#  >  > Living And Legal Affairs In Thailand >  >  > Teaching In Thailand >  >  Seeking a job in Thailand( Chinese teacher)

## stephanie1011

Hey, I'm Stephanie. I will graduate from college next June. My major is English and Finance. Since I love travel so much, i want to start my world trip after i graduate. But, money is a big issue. 
So, i want to know if there's any chance to find a Chinese teacher or part- time tutor job in Thailand(any city is ok). I have a two month English tutor experience and language exchange experience with American and German for 1.5 years, and a BA in English and Finance. But i have no certificate of teaching. Do they need any certificate?  Is that easy to find ? Is the salary good enough to make a living?  I know Chinese is quite popular now.
Any suggestions? 
Thank you !! :smiley laughing:

----------


## Walter Ego

Sadly as a Chinese (mandarin) teacher you will be required to have a degree in Education.
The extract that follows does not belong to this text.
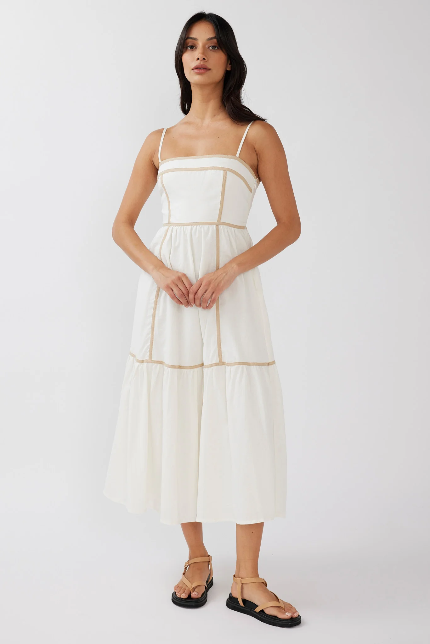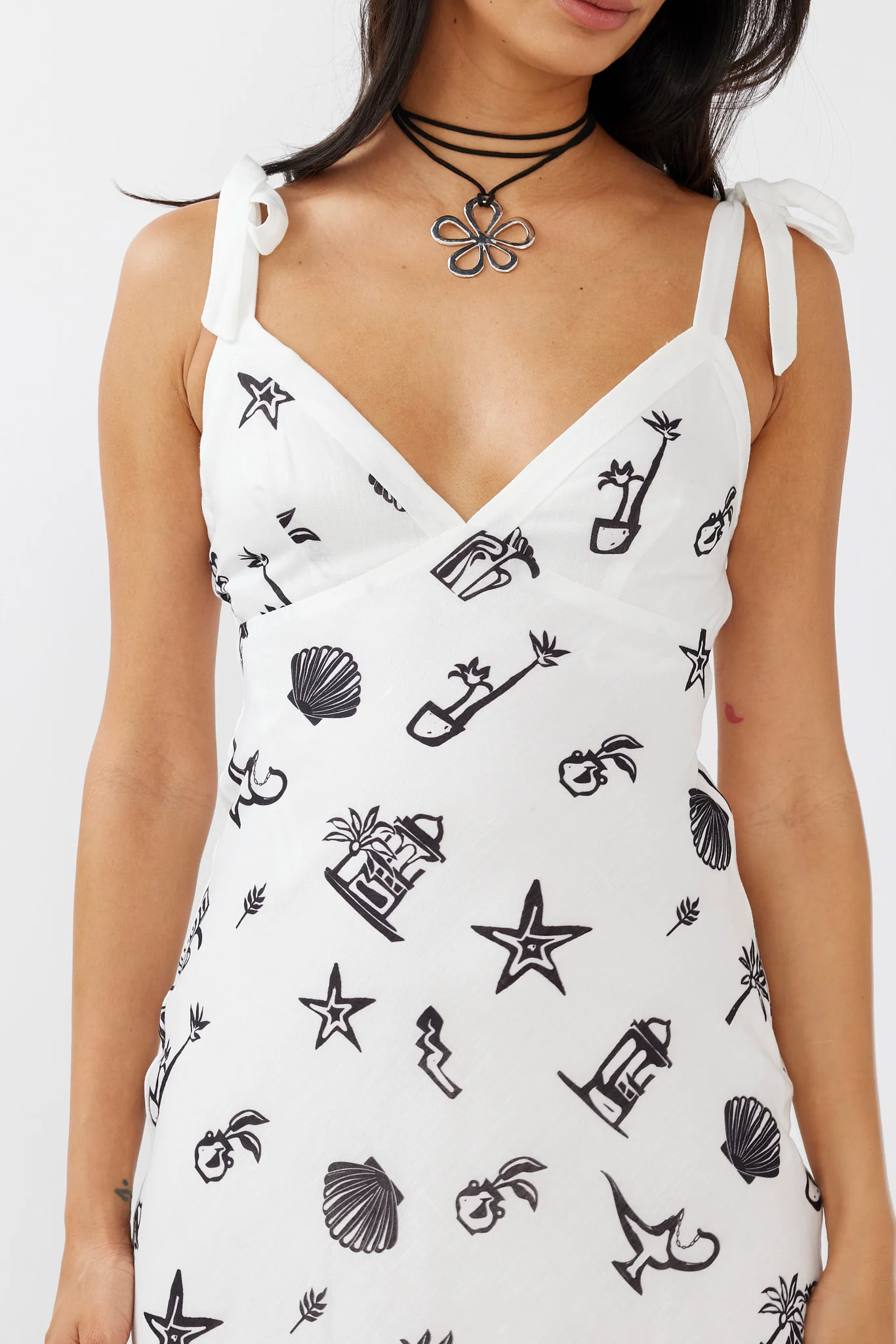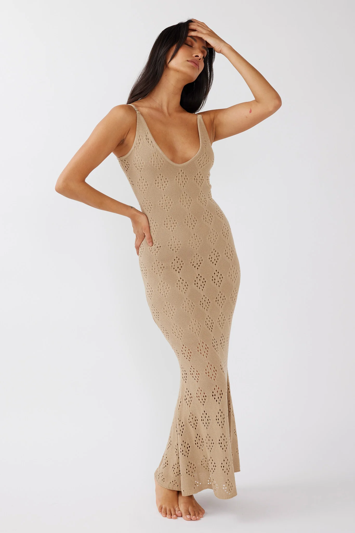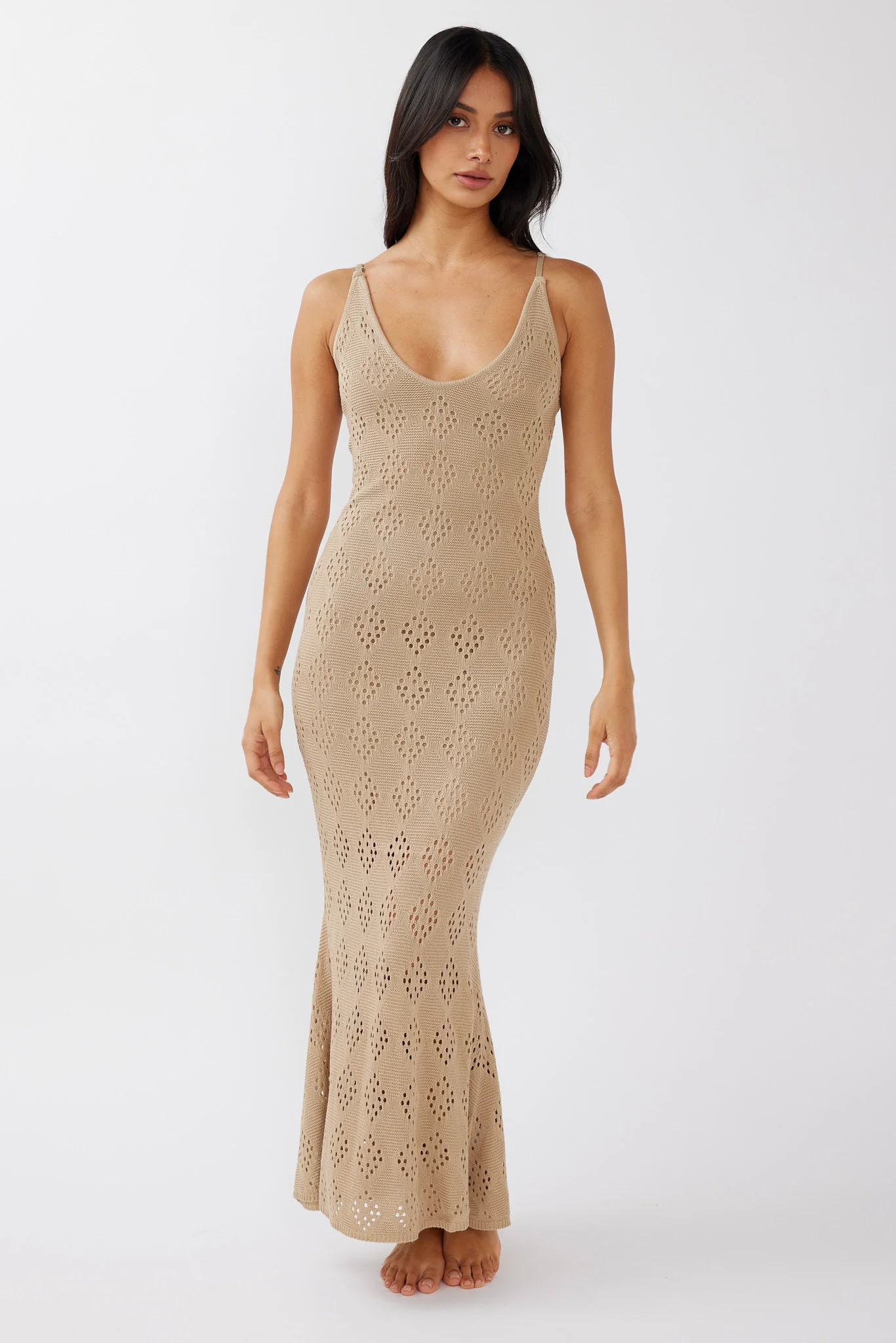 Jaya Tied Shoulder Maxi Dress Print Beige

That said as you seem to be a English native speaker you will easily get a job as an English teacher (paid more) who is teaching Mandarin.
I teach English in Thailand we have a chinese language department.
there are a lot of Chinese in Thailand who have come to work, they work hard, they have teaching degrees... their english (generally is so so), they get paid a LOT less.

(my experience is that of public schools in Thailand private language schools may offer a very different view).
 Sai-jien

----------


## stickmansucks

Hello, do you know where to find native Chinese teachers in Thailand to offer them a job ?

Thanks.

----------


## moaimc

> Hello, do you know where to find native Chinese teachers in Thailand to offer them a job ?
> 
> Thanks.


hi,im local beijinger with a qualification for international mandarin teaching but little experience,mostly i have done is private tutoring. i speak fluent english, unfortunately not Thai. currently im searching for a job in thailand.i wonder what are the chance i could get an offer which can provide enough income for me to live in thailand. the reason i want to go to thailand is firstly im in love with the country and i'd love to gain more experiences in teaching before i move to hong kong.

thanks!

----------


## Camel Toe

They prefer native teachers.  But if you aimed low no problem.

----------


## moaimc

> They prefer native teachers.  But if you aimed low no problem.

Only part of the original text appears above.